Sunday, 16 June 2013

11th Sunday in Ordinary Time, Year C, Shaftesbury

Lk 7:36-8:3
We just heard one of the most memorable accounts in the Gospels, one that has inspired many works of art.
The woman in the text is not named here, she is simply described as "a woman with a bad reputation in the town". Tradition identifies her as Mary Magdalene, a woman of loose living, who ‘knew’ many men, who had "loved much" to use what was quite possibly a deliberate play on words by our Lord.
But by the time we see her here in this Gospel text she has changed. She still has a "bad reputation", for such things change slowly. But her behaviour towards our Lord is not that of a loose woman, but of a woman who has come to love a man in a very different sense. And, this man is of course not just a man, He is the Lord God. She covered His feet with kisses and tears, wiped them with her hair, and anointed them with ointment.

This behaviour by the woman was seen as odd by the people present.
The Lord responded to their comments by pointing out not so much her behaviour as what motivated it, namely, her love. More specifically, He indicated what had led her to love Him: the fact that He had forgiven her sins, "her many sins".
She loved much because she delighted in the fact that she had been forgiven much. To know that you are forgiven is a very special way of knowing that you are loved, and such a knowledge of being loved is a POWERFUL motive for us to love in return. To love with such passion and exuberance that we don't care if we make fools of ourselves in front of others -as this woman might have been said to have done.

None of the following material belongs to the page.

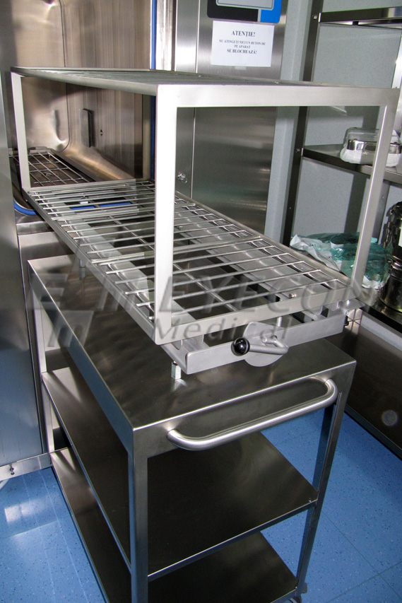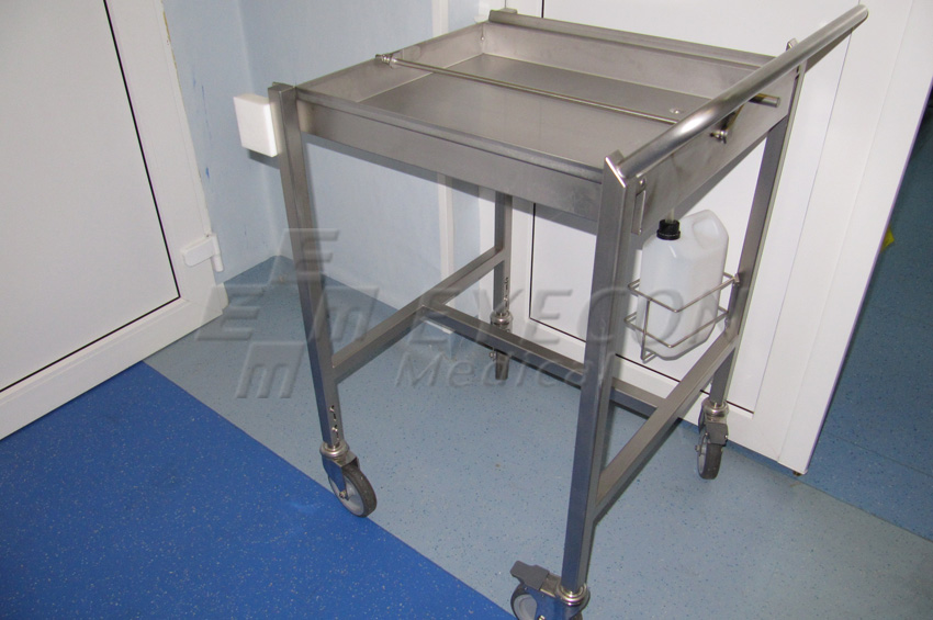 masa Mayo din inox pentru instrumentar, mobila, cu tava detasabila;

What of ourselves? If no one here is loving in the manner that the woman loved, what does that say of us?
It might say that we are just English, and that we keep our emotions tightly bottled up --heaven forbid that we should commit a social faux pas like that of this wild woman!
It might, however, say something more problematic. Maybe we have let our love for the good Lord grow cold. Maybe we have forgotten what He has forgiven in us. Maybe we have come to take Him for granted, and thus no longer love Him the way we once did.
Perhaps the most worrying possibility, however, is that our emotions are unmoved because we are like the man we just heard Jesus condemn, the Pharisee Simon: we love little because we have little realisation that we have been forgiven ourselves. Maybe it is not so much that our love has grown cold as that it never really reached much of a fervour to begin with.

Either way, this woman before us in this text should motivate us to want to fire up that love within ourselves. How do we do this? By looking at two things: (1) The Lord, and (2) Ourselves. We need to look at the Lord anew as the loving Lord who welcomes the sinner, who wants to welcome me, who wants to welcome you. And we need to look at ourselves anew too, to see our sins with an honesty that we haven't seen them with before. And to do that we need to be convinced that the good God loves us. It is only when know that God loves the sinner that we can have the strength to admit our sins. It is only when we know that He is strong that we can be comfortable admitting that we are week.

What this woman shows us, what the Lord's behaviour to her shows us, is one of many examples in the Gospels that demonstrate His love for the sinner, His love for all who turn to Him in humility.